**INSTRUCTIONS FOR THE TASK:**
Look through the data below for the line with "دعا وزير الأوقاف" and the line with "中国教育后勤协会副会长、接待服务分会理事长高聚慧作第一届理事会工作报告。", then transcribe exactly from the first through the second, leaving out all pictures.

**DATASET ENTRIES:**

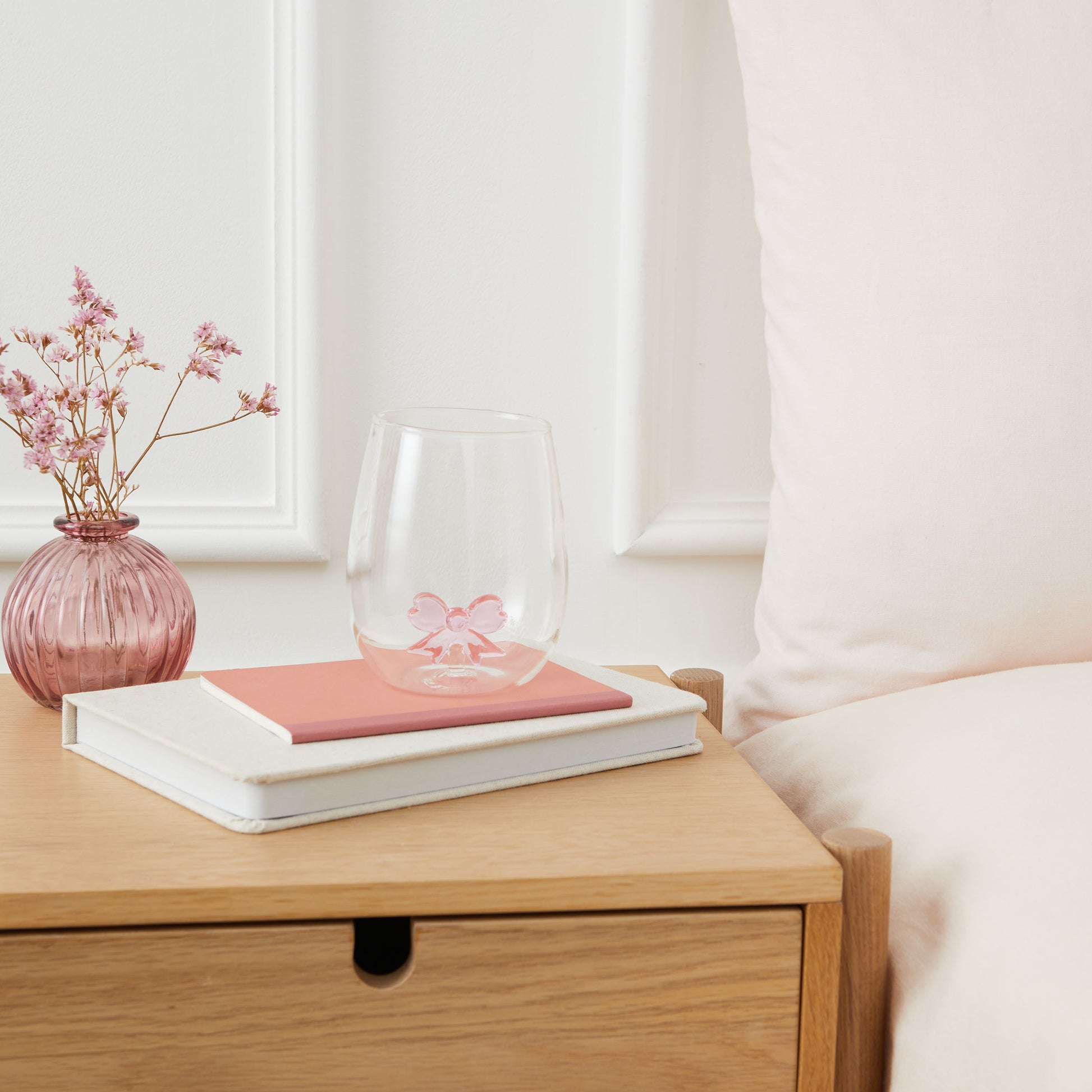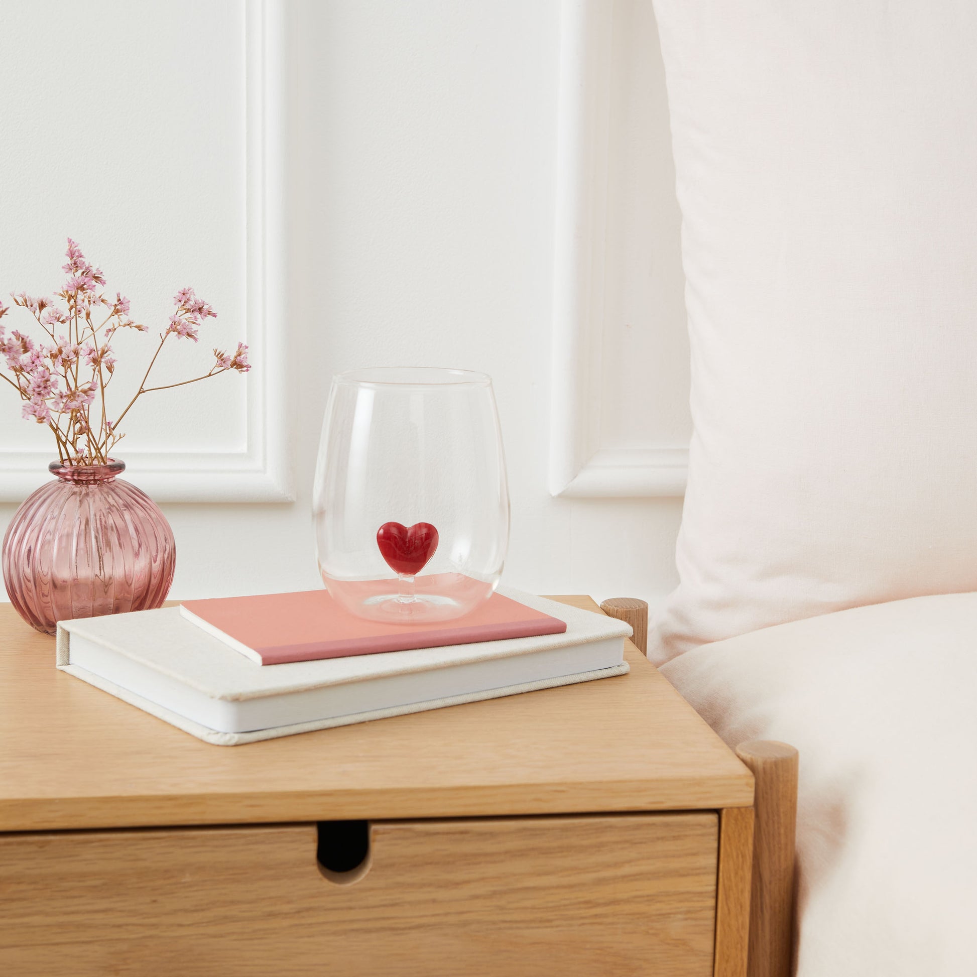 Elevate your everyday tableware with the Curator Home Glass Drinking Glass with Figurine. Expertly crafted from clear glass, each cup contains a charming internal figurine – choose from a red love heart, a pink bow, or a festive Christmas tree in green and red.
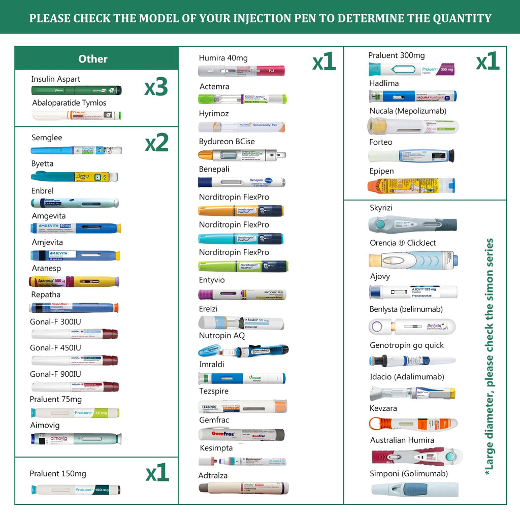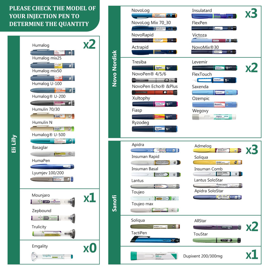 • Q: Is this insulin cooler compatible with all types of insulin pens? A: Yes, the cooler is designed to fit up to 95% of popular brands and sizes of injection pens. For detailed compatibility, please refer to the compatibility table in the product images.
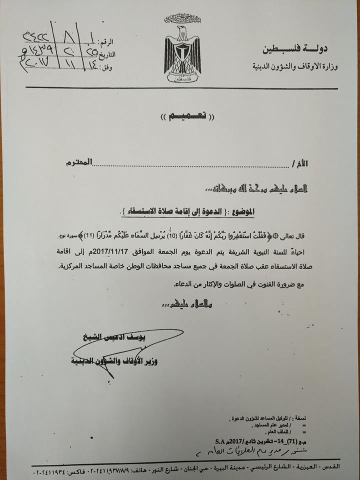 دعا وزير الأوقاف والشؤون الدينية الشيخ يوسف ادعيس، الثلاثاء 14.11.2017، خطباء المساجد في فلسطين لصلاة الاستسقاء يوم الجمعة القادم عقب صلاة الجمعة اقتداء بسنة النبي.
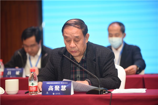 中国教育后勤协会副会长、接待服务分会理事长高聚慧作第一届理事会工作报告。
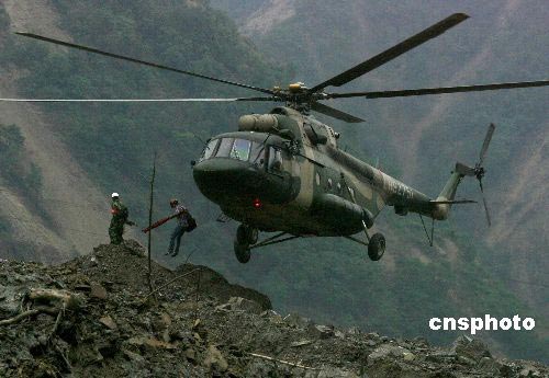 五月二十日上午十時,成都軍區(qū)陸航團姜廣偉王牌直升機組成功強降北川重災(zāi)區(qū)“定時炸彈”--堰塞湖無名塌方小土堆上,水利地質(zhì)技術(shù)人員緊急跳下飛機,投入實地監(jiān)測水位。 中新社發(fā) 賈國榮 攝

* * *

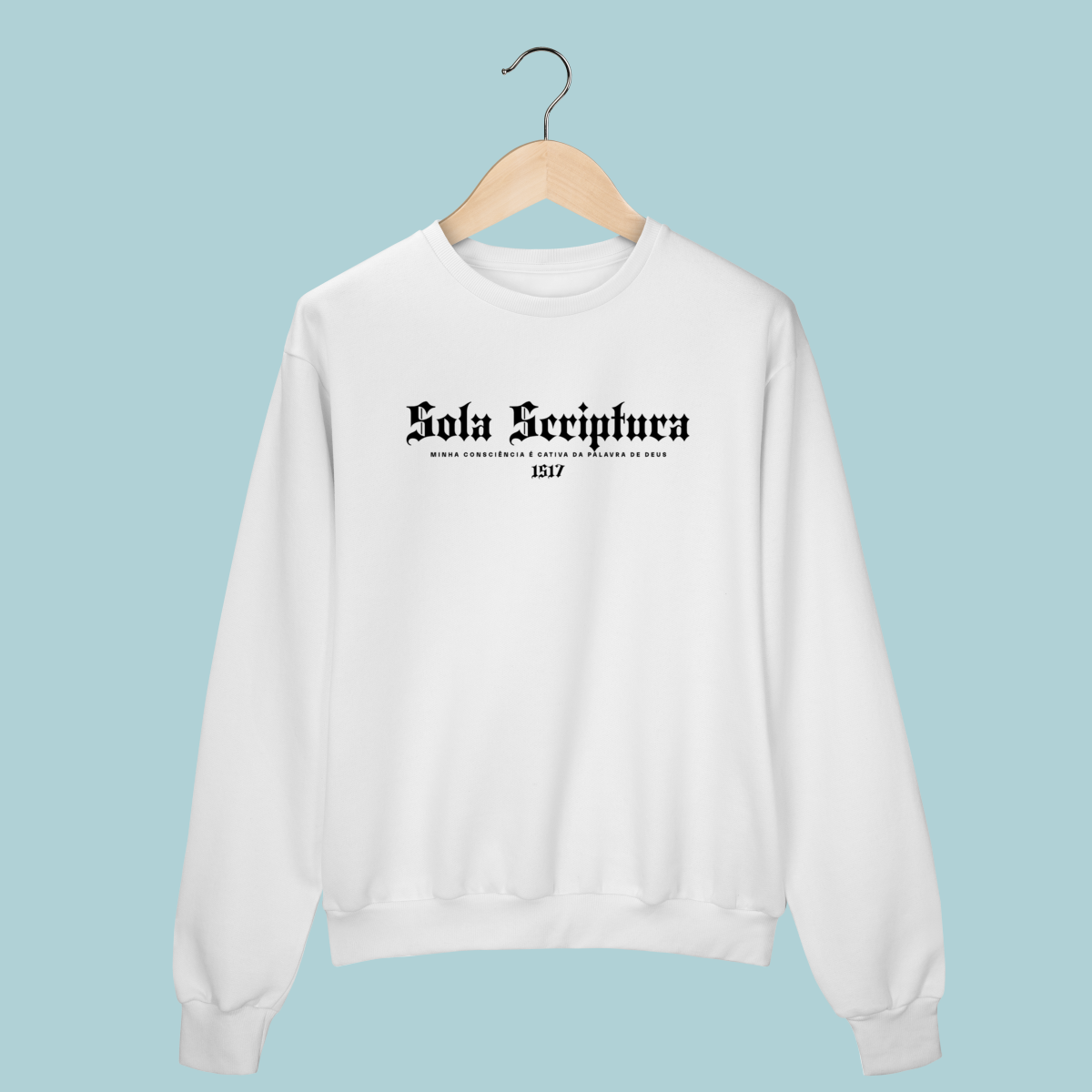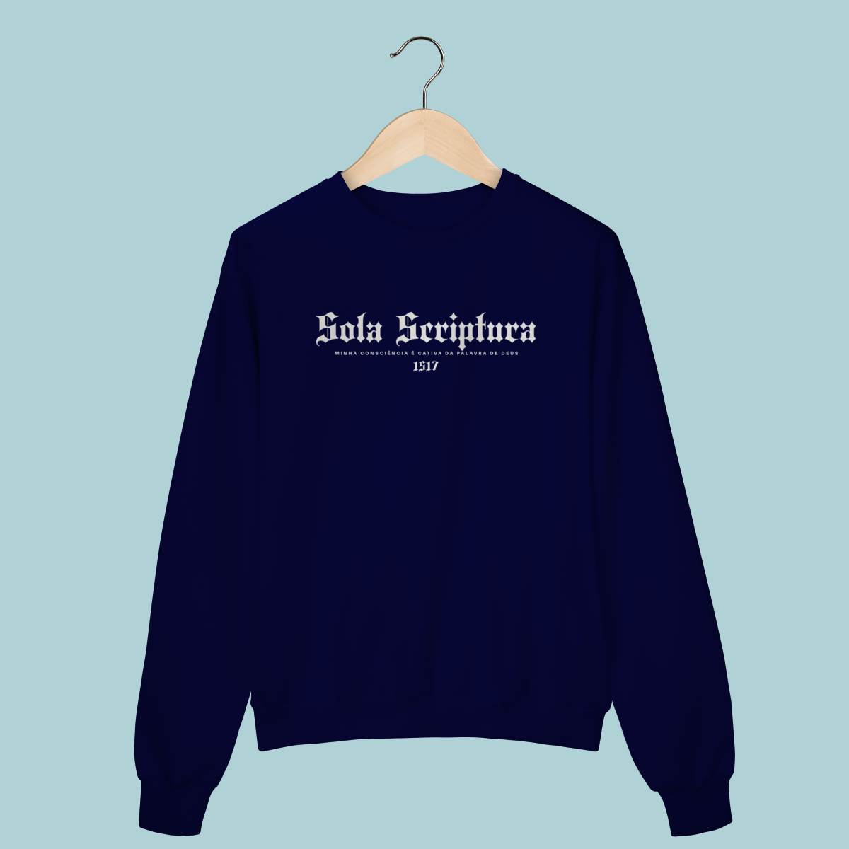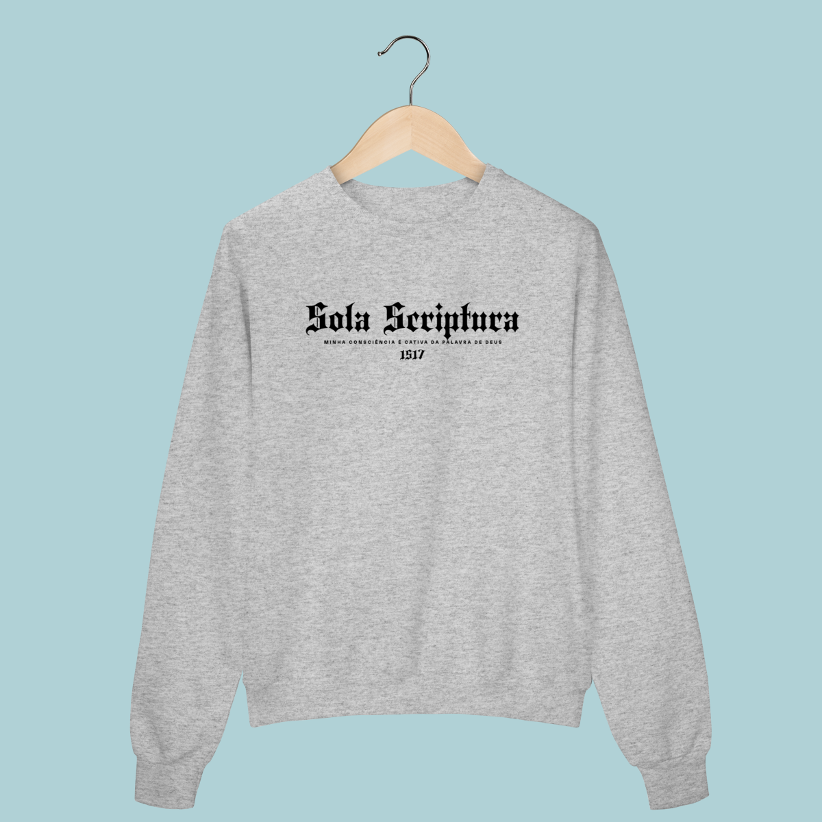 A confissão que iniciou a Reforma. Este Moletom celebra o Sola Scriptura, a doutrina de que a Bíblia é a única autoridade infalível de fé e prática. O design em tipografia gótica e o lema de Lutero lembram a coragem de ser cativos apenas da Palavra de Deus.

**ANSWER:**
 دعا وزير الأوقاف والشؤون الدينية الشيخ يوسف ادعيس، الثلاثاء 14.11.2017، خطباء المساجد في فلسطين لصلاة الاستسقاء يوم الجمعة القادم عقب صلاة الجمعة اقتداء بسنة النبي.
 中国教育后勤协会副会长、接待服务分会理事长高聚慧作第一届理事会工作报告。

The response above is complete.